Researchers have developed a vaccine that protects mice against West Nile virus (WNV), according to a report published in the current edition of the Proceedings of the National Academy of Sciences. Tests of the vaccine in monkeys are slated to begin next month, and human trials could start before the year is out.
The mosquito-borne WNV, which in humans can cause potentially deadly encephalitis, first appeared in North America in 1999. Since then it has claimed the lives of seven people and made 80 others seriously ill. To develop the vaccine, Alexander Pletnev of the National Institute of Allergy and Infectious Diseases and his colleagues enlisted the help of WNV's close cousin, dengue virus, which does not attack the central nervous system. By substituting certain WNV genes with the dengue variety, the team created a hybrid virus that stimulates a strong immune response without infecting the brain. None of the mice that received the hybrid vaccine developed WNV when later exposed to it.
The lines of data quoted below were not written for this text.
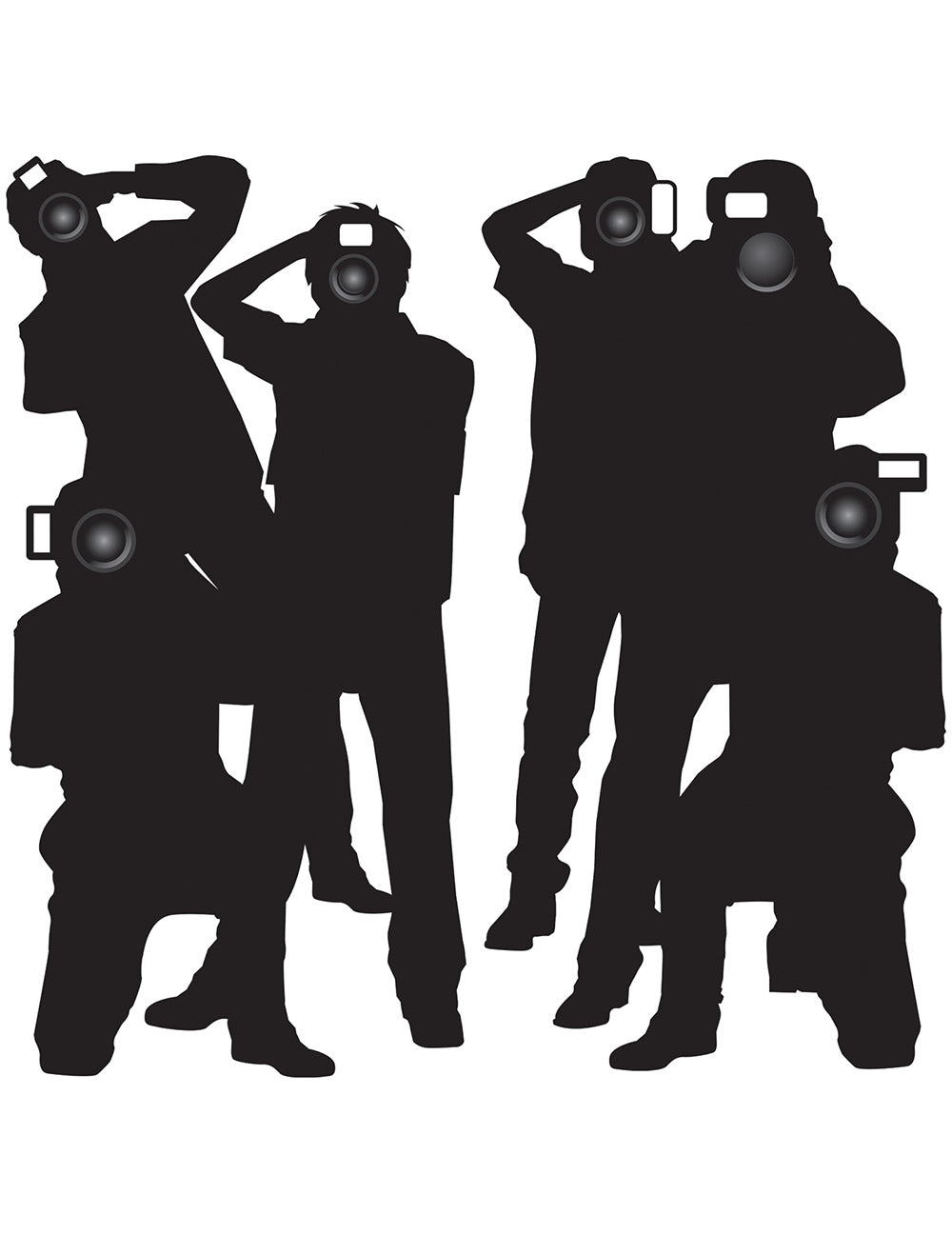 O mulțime de două decorațiuni de perete 1,7 m Înalt reprezentând paparazzi făcând fotografii. Această decorare va fi perfectă în timpul unei seri de la Hollywood, astfel încât oaspeții tăi să fie luați pentru vedete reale.
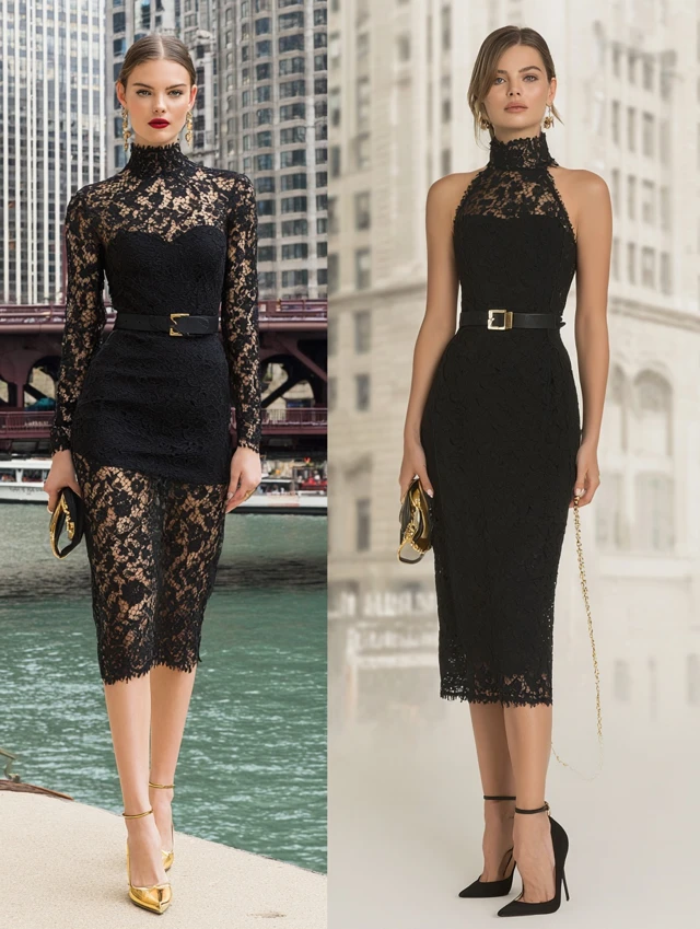 Why It Works: Lace adds texture and femininity to a timeless silhouette.
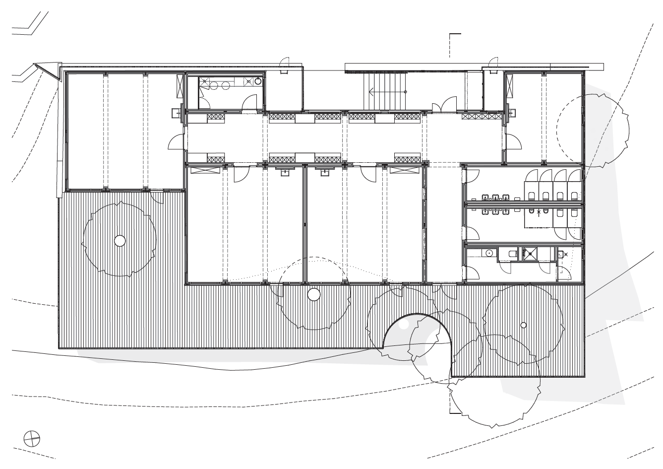 Az iskola oktatási programja azonban igényelte az elmaradt bővítést, a terephez igazodva, a Vadászház melletti teraszon felállított ideiglenes konténerekben elhelyezett előkészítő osztályok számára szükségessé vált a magasabb minőségű elhelyezés. A helyzet azonban közben és azóta is folyamatosan „fokozódik”, és ahogy az építész műleírás fogalmaz: türelemre int. Na meg fokozott józanságra. Ami Aravenánál még szimpatikus kiáltvány volt, majd' egy évtized elteltével már a kiábrándító valóság. Nevezhetjük egyszerűen recessziónak is, ám helyesebben tesszük, ha ésszerű, ökonomikus gondolkodásnak tituláljuk. Két és fél évtized elteltével Fuksas felszólítása polgárjogot nyert a mindennapi gondolkodásban.
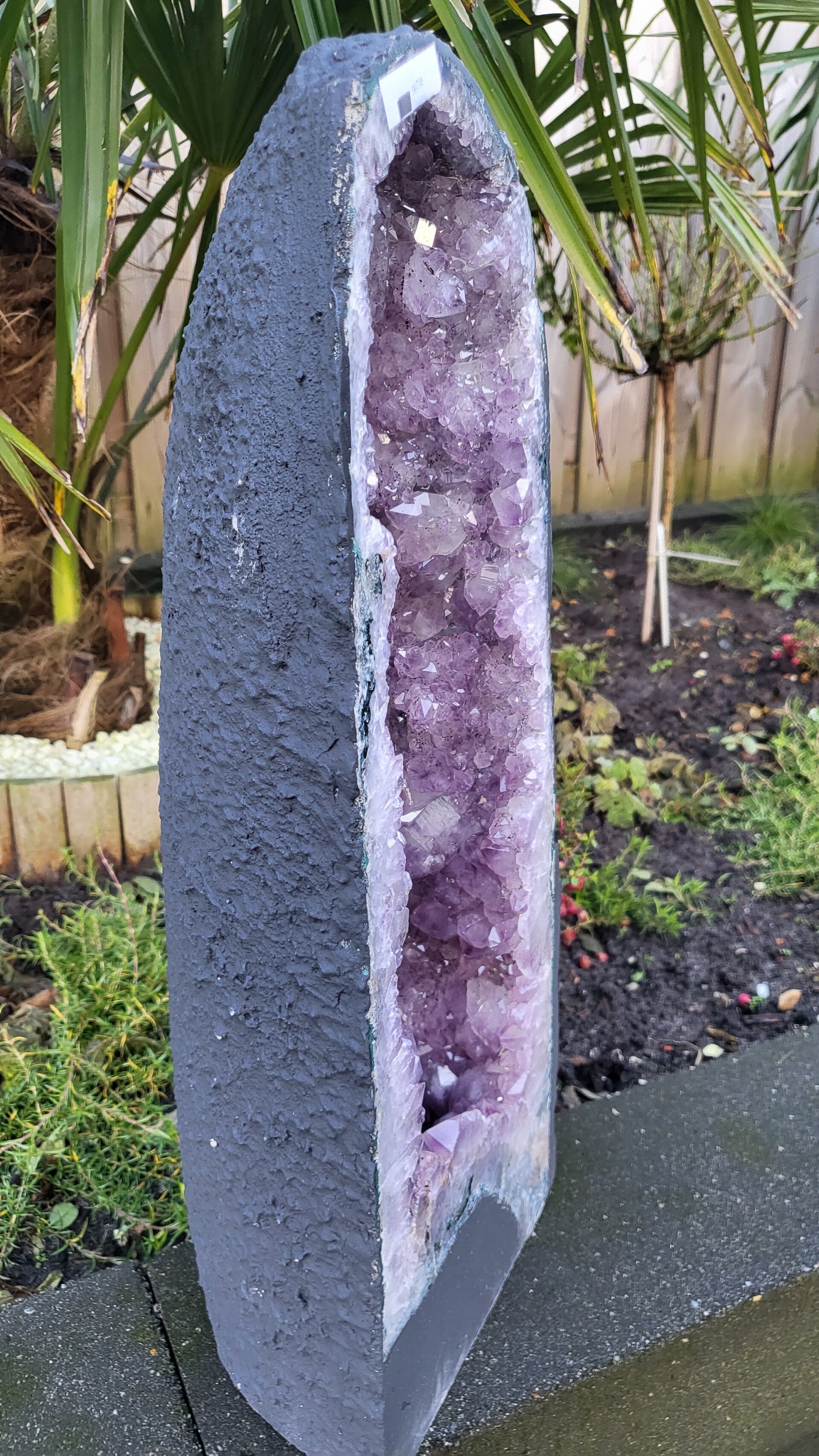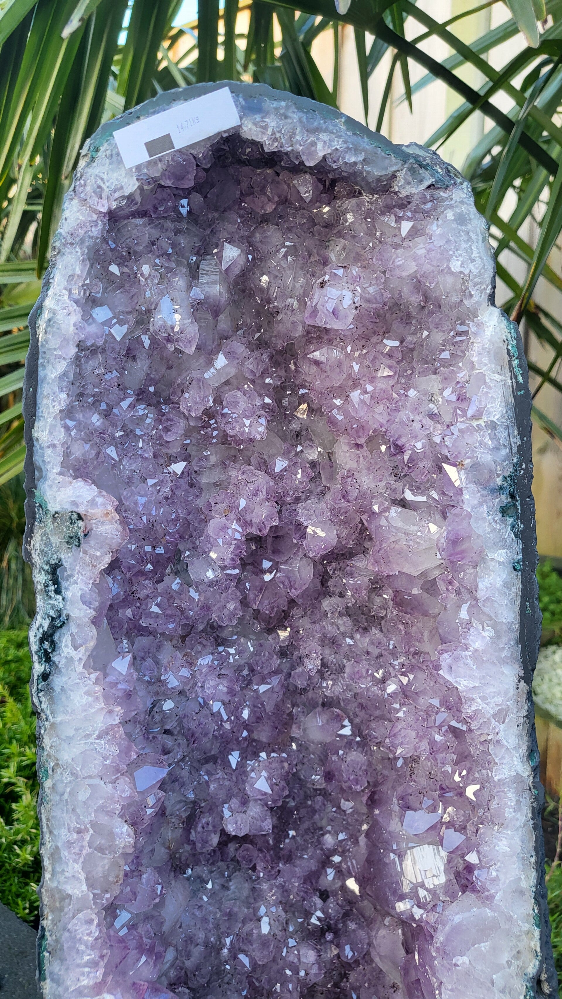 een prachtige amethist geode uit Brazilië. Deze geode weegt 14,71 kg, is 52 cm hoog en 19 cm breed.De kwaliteit is erg mooi
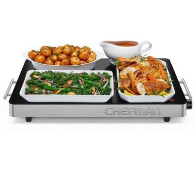 – This 450 W Chefman warming tray keeps dishes and plates warm and ready to serve
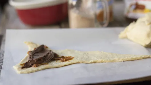 Step2Unroll dough; separate into 8 triangles. Flatten dough triangles slightly. Place 1 tablespoon hazelnut spread on shortest side (wide end) of each triangle; gently spread in straight line across wide end. Spoon 1 tablespoon dulce de leche over hazelnut spread on each triangle; spread gently.
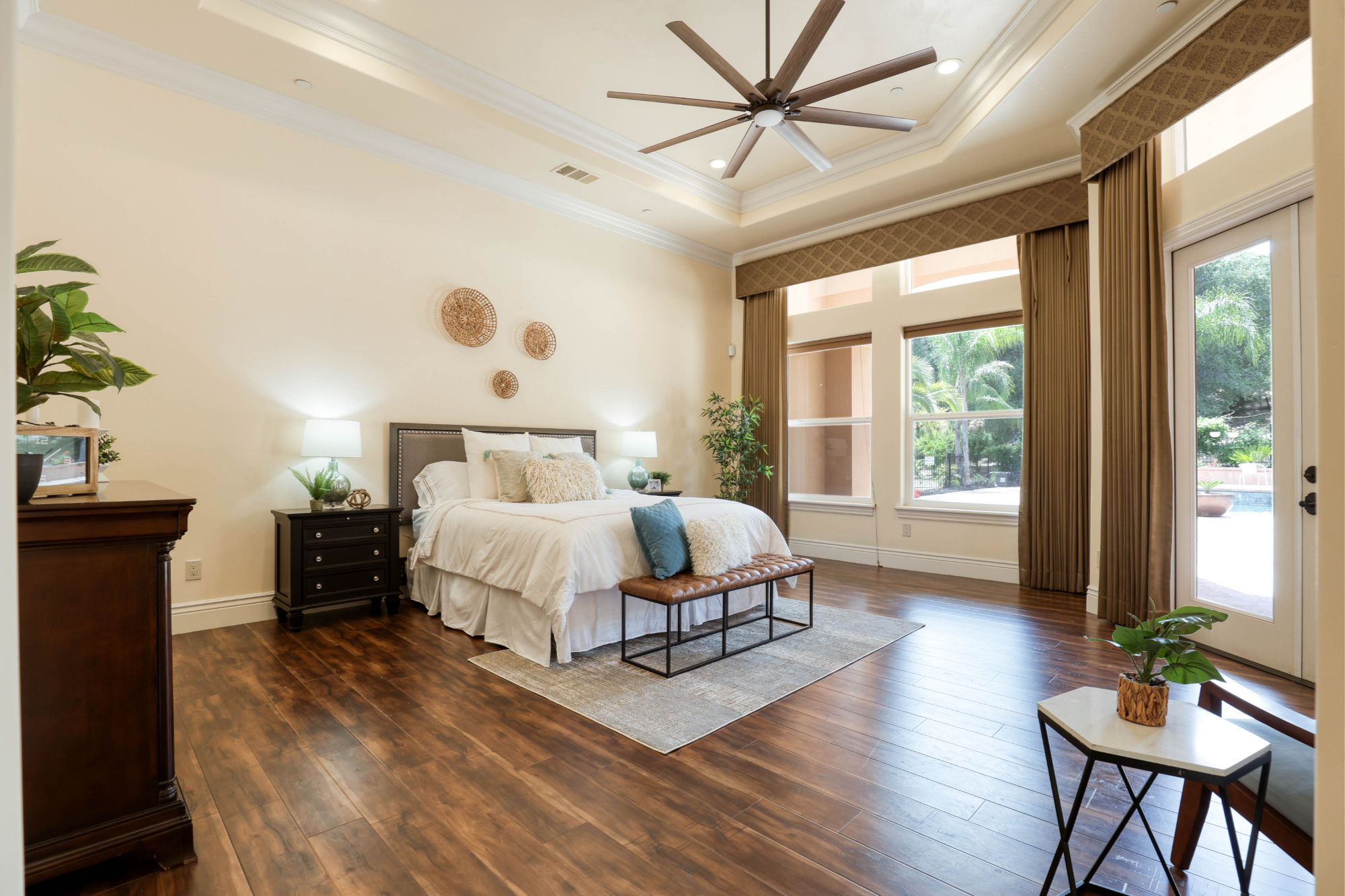 This stunning home boasts unique custom finishes throughout, creating an unparalleled sense of luxury and sophistication. From the 15 foot coffered ceilings to the beautiful herringbone wood plank tile flooring in the living room, no detail has been overlooked.
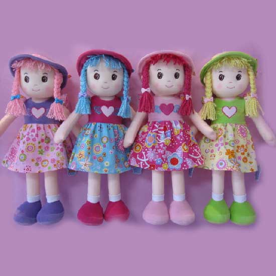 The toy doll is dressed in stylish one-piece dress with adorable face. The big eyes and long tails add to her charm. The toy doll is surely adorable and attractive to be fondled by little girls.
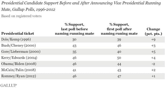 Blumenthal also uses this chart from Gallup to look at the past significance of the Vice Presidential announcement, Credit: Gallup
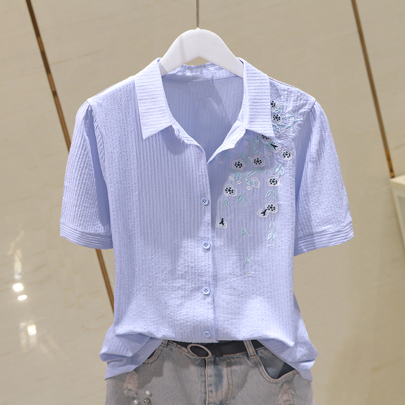 短袖棉布衬衫上衣女2025夏新款花儿刺绣坑条棉布打底时尚百搭小衫
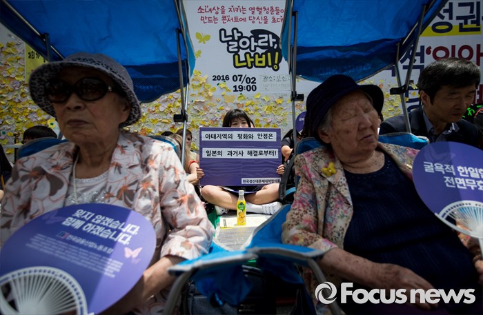 (서울=포커스뉴스) 6일 오후 서울 종로구 주한일본대사관 앞에서 열린 일본군 '위안부' 문제 해결을 위한 제1238차 정기 수요집회에 김복동(왼쪽) 할머니와 길원옥 할머니가 참석하고 있다.
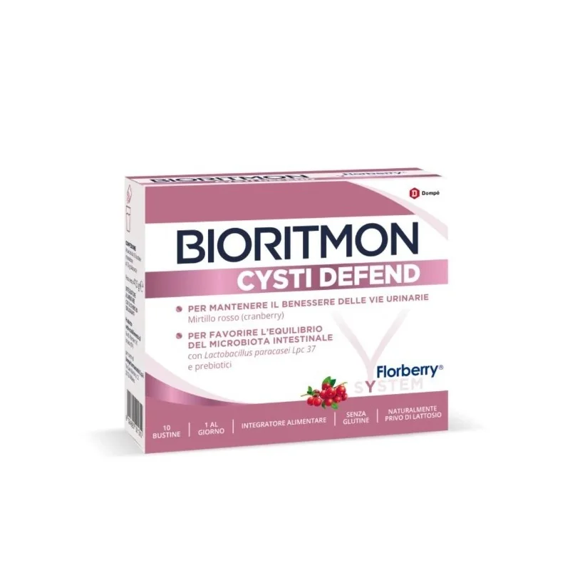 Nella sua formulazione sono presenti probiotici (Lactobacillus paracasei) e prebiotici che favoriscono la stabilità della flora batterica intestinale che in caso di squilibrio potrebbe causare infezioni urinarie. Bioritmon Cysti Defend può essere assunto per la prevenzione di episodi di cistite o in caso di sintomi lievi.
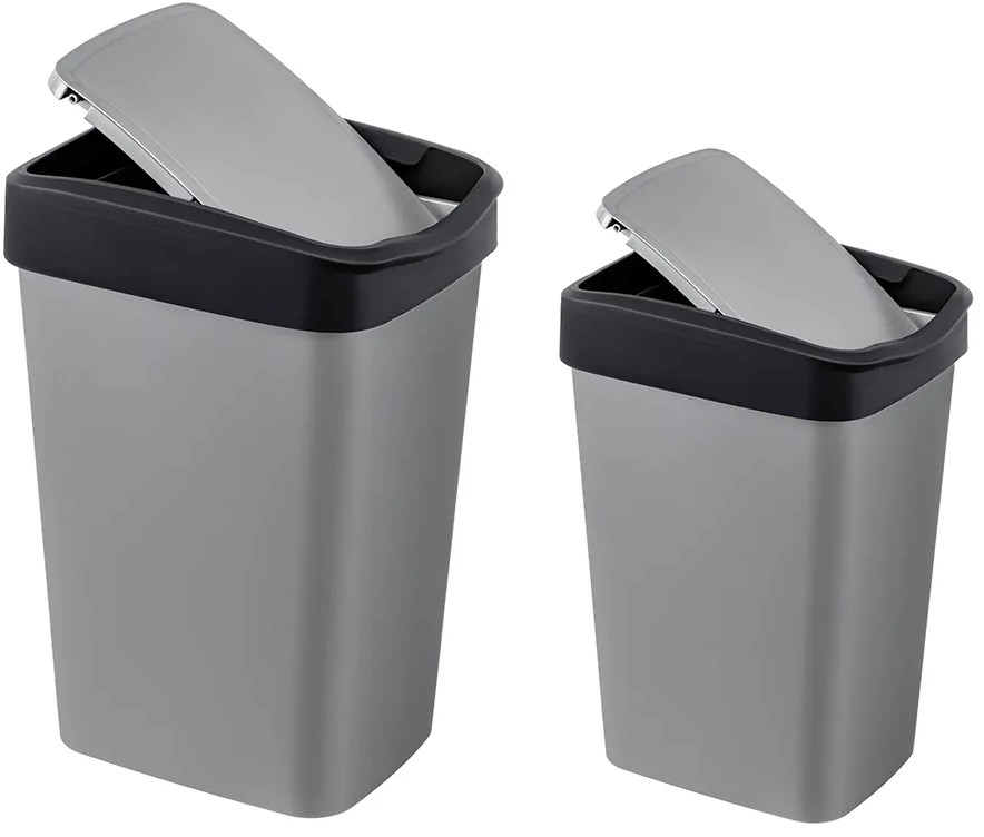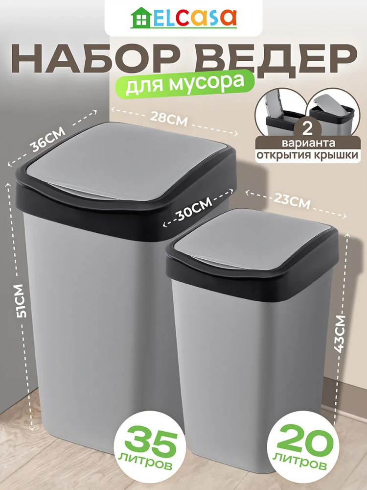 Набор 2 вёдер для мусора от бренда El Casa с подвижными крышками поможет поддерживать чистоту в вашем доме, офисе или на улице. Каждое мусорное ведро прямоугольной формы выполнено из полипропилена. Этот вид пластика считается наиболее безопасным, так как не содержит бисфенол А и не выделяет вредных веществ. Дизайн представляет собой стильное сочетание белого и серого цветов.
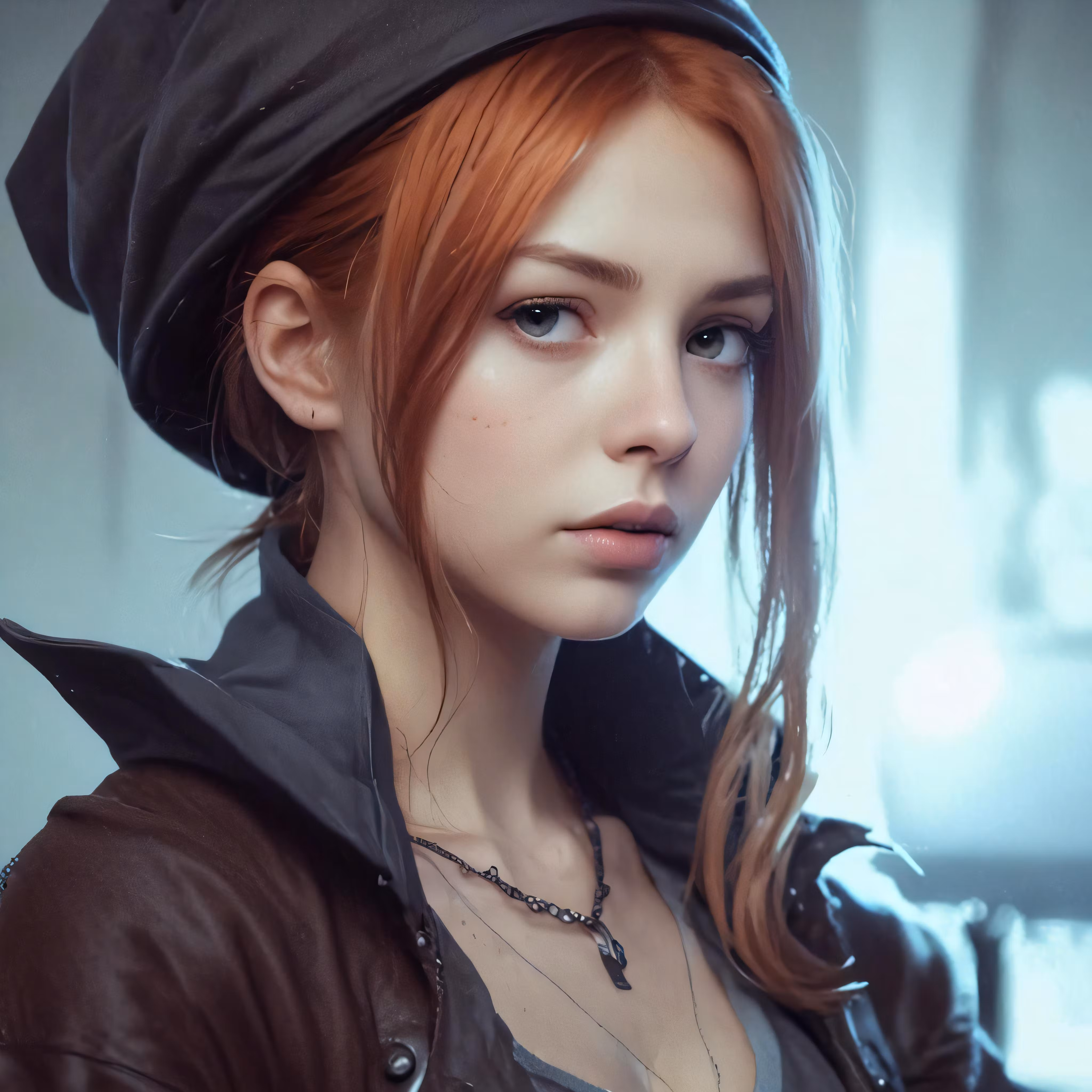 High resolution picture, free to use, a woman is posing for a photo with red hair
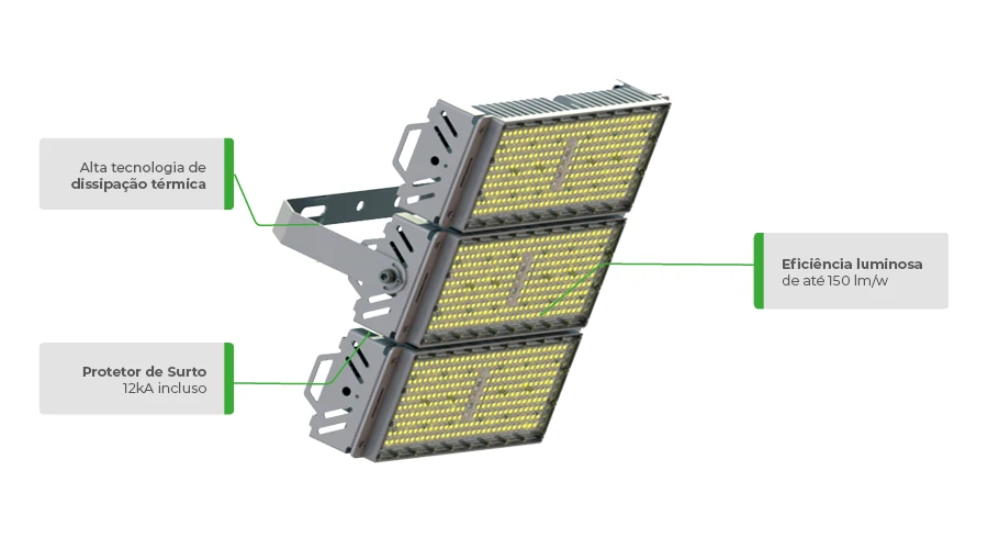 Projetor de alto fluxo luminoso ideal para iluminação de grandes áreas, sistema ótico com facho concentrado e excelente distribuição da luz, reduzindo o ofuscamento e aumentando os índices de iluminação.

Because one of the dengue viruses used in the construction of the hybrid virus has already been shown to be safe in humans, the researchers hope that their vaccine will advance swiftly to human clinical trials. "We must remain vigilant and act quickly if we are to keep ahead of emerging and re-emerging infectious agents such as West Nile virus," says NIAID director Anthony Fauci. "Disease-causing microbes will continue to adapt and continue to thrive, so we cannot let down our guard."